Body mass index is calculated by dividing a person's weight by the square of her height; it is a measure of the extent to which the individual overweight. For the population of middle aged men who later develop diabetes mellitis, the distribution of baseline body mass indices is approximately normal with an unknown mean $\mu$ and a standard deviation $\sigma$. A sample of 58 men selected from this group has $\overline{x}=25.0 kg/m^2$ and standard deviation $s=2.7 kg/m^2$.

(a) Construct a 95% confidence interval for the population mean $\mu$.
(b) At the 0.05 level of significance, test whether the mean baseline body mass index for the population of middle aged men who do develop diabetes is equal to 24.0kg/m2, the mean for the population of men who do not. What is the p-value of the test?
(c) What do you conclude?
(d) Base on the 95% confidence interval, would you have expected to reject or not to reject the null hypothesis? Why?

#### Solution

(a) 95% Confidence interval for the population mean $\mu$ :

Step 1 Specify the confidence level $(1-\alpha)$

Confidence level is $1-\alpha = 0.95$. Thus, the level of significance is $\alpha = 0.05$.

Step 2 Given information

Given that sample size $n = 58$, sample mean $\overline{X}= 25 kg/m^2$, sample standard deviation $s = 2.7 kg/m^2$.

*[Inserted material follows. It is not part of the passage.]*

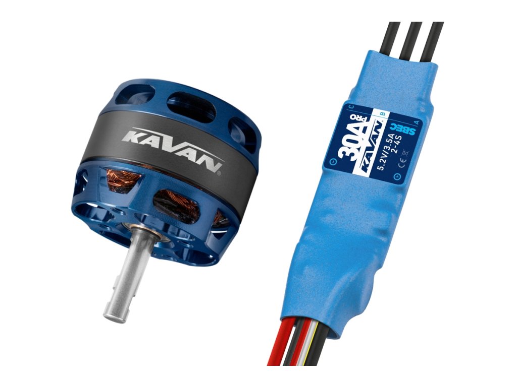 Combo set střídavého elektromotoru s rotačním pláštěm s regulátorem 30A pro modely letadel: větroň 1200g, trenér 1000g, akro 850g, 3D 750g, KV1200 ot./min na V, napájení Lixx 3-4s, hřídel 5 mm.

Step 3 Specify the formula

$100(1-\alpha)$% confidence interval for the population mean $\mu$ is

 \begin{aligned} \overline{X} - E \leq \mu \leq \overline{X} + E \end{aligned}

where $E = t_{(\alpha/2,n-1)} \frac{s}{\sqrt{n}}$, andand $t_{\alpha/2, n-1}$ is the $t$ value providing an area of $\alpha/2$ in the upper tail of the students' $t$ distribution.

Step 4 Determine the critical value

The critical value of $t$ for given level of significance and $n-1$ degrees of freedom is $t_{\alpha/2,n-1}$.

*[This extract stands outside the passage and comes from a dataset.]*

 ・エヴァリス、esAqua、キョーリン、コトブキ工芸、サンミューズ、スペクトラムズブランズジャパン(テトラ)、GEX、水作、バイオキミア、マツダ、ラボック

Thus $t_{\alpha/2,n-1} = t_{0.025,58-1}= 2.002$.

Step 5 Compute the margin of error

The margin of error for mean is

 \begin{aligned} E & = t_{(\alpha/2,n-1)} \frac{s}{\sqrt{n}}\\ & = 2.002 \frac{2.7}{\sqrt{58}} \\ & = 0.71. \end{aligned}

Step 6 Determine the confidence interval

$95$% confidence interval estimate for population mean is

 \begin{aligned} \overline{X} - E & \leq \mu \leq \overline{X} + E\\ 25 - 0.71 & \leq \mu \leq 25 + 0.71\\ 24.29 &\leq \mu \leq 25.71. \end{aligned}
Thus, $95$% confidence interval estimate for population mean is $(24.29,25.71)$.

(b) The hypothesis testing problem is $H_0:\mu=24.0 kg/m^2$ against $H_a:\mu \neq 24.0 kg/m^2$.

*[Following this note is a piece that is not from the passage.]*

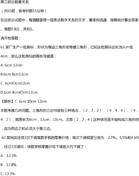 2012年915聯考福建省行測真題(數量關系)含答案解析

Given that the sample size $n = 58$, sample mean $\overline{x}= 25/mm3$ and sample standard deviation $s = 2.7 / mm3$.

Step 1 Hypothesis Testing Problem

The hypothesis testing problem is
$H_0 : \mu = 24$ against $H_1 : \mu \neq 24$ ($\text{two-tailed}$)

Step 2 Test Statistic

The test statistic is

 \begin{aligned} t& =\frac{\overline{x} -\mu}{s/\sqrt{n}} \end{aligned}
which follows $t$ distribution with $n-1$ degrees of freedom.

Step 3 Significance Level

The significance level is $\alpha = 0.05$.

Step 4 Critical Value(s)

As the alternative hypothesis is $\text{two-tailed}$, the critical value of $t$ $\text{are}$ $-2.002 and 2.002$.

The rejection region (i.e. critical region) is $\text{t < -2.002 or t > 2.002}$.

Step 5 Computation

The test statistic under the null hypothesis is

 \begin{aligned} t&=\frac{ \overline{x} -\mu_0}{s/\sqrt{n}}\\ &= \frac{25-24}{2.7/ \sqrt{58 }}\\ &= 2.821 \end{aligned}

Step 6 Decision

The test statistic is $t =2.821$ which falls $\text{inside}$ the critical region, we $\text{reject}$ the null hypothesis.

OR

Step 6 Decision

$p$-value Approach

This is a $\text{two-tailed}$ test, so the p-value is the area to the left of the test statistic ($t=2.821$). Thus the p-value = $0.0066$.

The p-value is $0.0066$ which is $\text{less than}$ the significance level of $\alpha = 0.05$, we $\text{reject}$ the null hypothesis.

(c) As the p-value is less than $0.05$, there is sufficient evidence to conclude that the mean baseline body mass index for the population of middle aged men who do develop diabetes is not equal to $24.0kg/m^2$

(d) $95$% confidence interval estimate for population mean is $(24.29,25.71)$. As the claimed value $\mu = 24.0$ is not in the confidence interval, we reject the null hypothesis at $0.05$ level of significance. We get the same conclusion as obtained in part (b).